◆ **AIM OF THE EXERCISE**: Please reproduce the lines from the one containing "Oh eccomi finalmente" through the end of the data below exactly as they stand, and omit all pictures.

◆ **RECORD SET**:
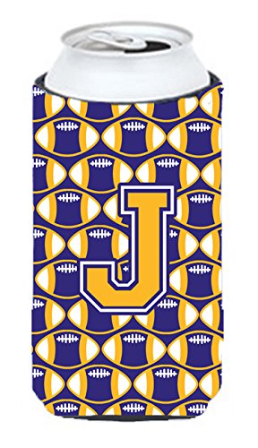 Letter J Football Purple and Gold Tall Boy Beverage Insulator Hugger CJ1064-JTBC
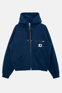 Hooded sweatshirt from the Sacai x Carhartt Wip collaboration. Ribbed cuffs and hem. Zip fastening. Double front pockets and a small zipped pocket. Hood with drawstring. Logo patch on the chest. Blue colour. Details and Care Color: Blue Composition: 100% cotton Made in: Giappone Sku: 2601091S401
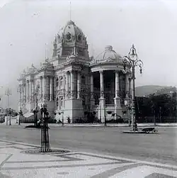In 1897, José Roberto da Cunha Salles directed Ancoradouro de Pescadores na Baía de Guanabara, considered to be the first film in the history of Brazilian cinema.[24] In 1909, the Municipal Theater of Rio de Janeiro, one of the greatest symbols of the Belle Époque in the city, was inaugurated. Later, the entire Cinelândia complex, where the theater is located, was reconfigured with the installation of the Monroe Palace and several cinemas (Cine Odeon, Cineac Trianon, Parisiense, Império, Pathé, Capitólio, Rex, Rivoli, Vitória, Palácio, Metro Passeio, Plaza and Colonial).[25][26]
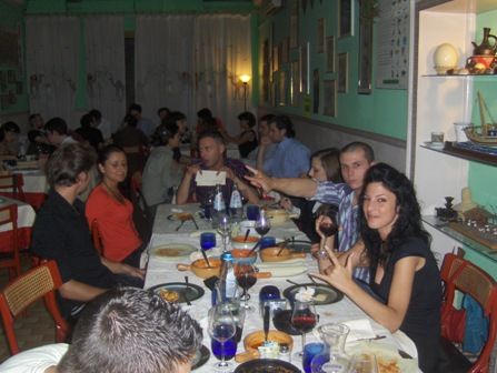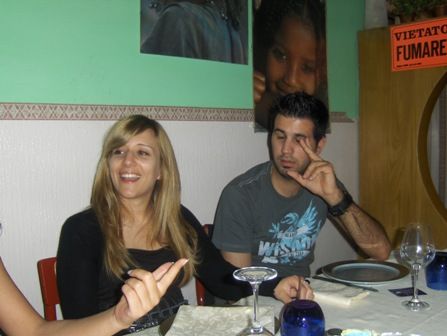 Oh eccomi finalmente a postare il resoconto del week end...poteva forse essere un week end brutto o noioso!!??....ma dddaaaiiii...impossibile...anche perchè la concomitanza del 27 compleanno del caro iccio lha reso ancor più divertente!!ttt è iniziato cn la cena al ristorante eritreo...(già provato in altre occasioni),ma sempre in voga se si vuol fare la cena alternativa!seduti sulla nostra bella tavola cn la fame che mi attanagliava ad ascoltare mezzora di spiegazione sui vari piatti(a che serve poi visto che prendevamo tutto!!!)e finalmente arriva il tanto desiderato cibo:spezzatino di antilope e bisonte,uova di struzzo macinato,crema di ceci e un mucchio di altre cose tra cui sfilacci di manzo tremendamenti piccanti il tutto condito da almeno una 40ina di spezie varie!!!owwiamente mi ingozzo cm di mia consuetudine provocandomi un mezzo infarto accompagnato da una quasi congestione che mi ha fatto stagnare ttt lantilope nello stomaco per quasi ttt la serata!!!interessante labbinamento bisonte-struzzo-vinodeicolli che fa tanto devasto-chic!!ma passiamo a qualche foto dellevento mangereccio:
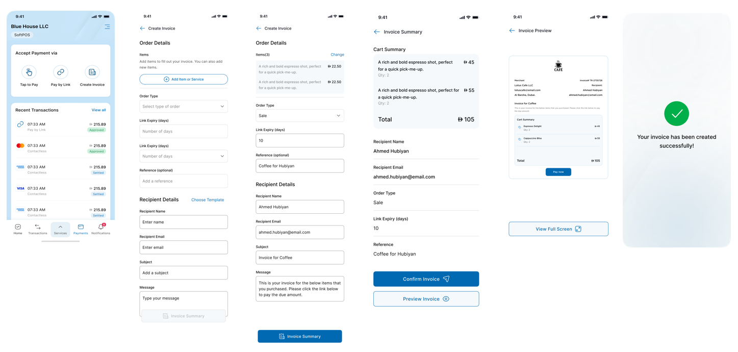 - Review details → tap Confirm Invoice or Preview Invoice.
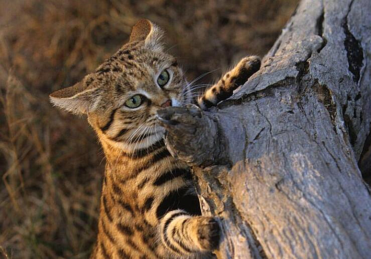 黑足猫只生活在非洲南部,喜欢灌木和半荒漠的环境,不需要水,光靠捕猎鸟类和昆虫就能生活。
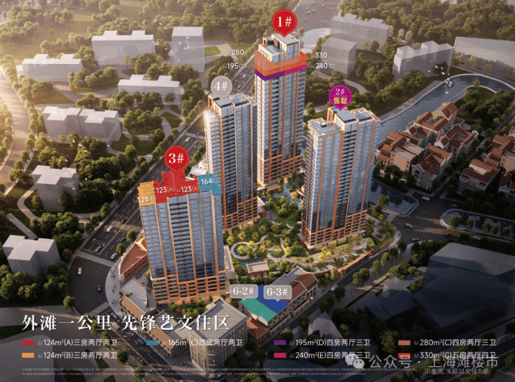 •户型:主力建筑面积121㎡三房及160㎡四房,得房率高达97%。

◆ **ANSWER BOX**:
 Oh eccomi finalmente a postare il resoconto del week end...poteva forse essere un week end brutto o noioso!!??....ma dddaaaiiii...impossibile...anche perchè la concomitanza del 27 compleanno del caro iccio lha reso ancor più divertente!!ttt è iniziato cn la cena al ristorante eritreo...(già provato in altre occasioni),ma sempre in voga se si vuol fare la cena alternativa!seduti sulla nostra bella tavola cn la fame che mi attanagliava ad ascoltare mezzora di spiegazione sui vari piatti(a che serve poi visto che prendevamo tutto!!!)e finalmente arriva il tanto desiderato cibo:spezzatino di antilope e bisonte,uova di struzzo macinato,crema di ceci e un mucchio di altre cose tra cui sfilacci di manzo tremendamenti piccanti il tutto condito da almeno una 40ina di spezie varie!!!owwiamente mi ingozzo cm di mia consuetudine provocandomi un mezzo infarto accompagnato da una quasi congestione che mi ha fatto stagnare ttt lantilope nello stomaco per quasi ttt la serata!!!interessante labbinamento bisonte-struzzo-vinodeicolli che fa tanto devasto-chic!!ma passiamo a qualche foto dellevento mangereccio:
 - Review details → tap Confirm Invoice or Preview Invoice.
 黑足猫只生活在非洲南部,喜欢灌木和半荒漠的环境,不需要水,光靠捕猎鸟类和昆虫就能生活。
 •户型:主力建筑面积121㎡三房及160㎡四房,得房率高达97%。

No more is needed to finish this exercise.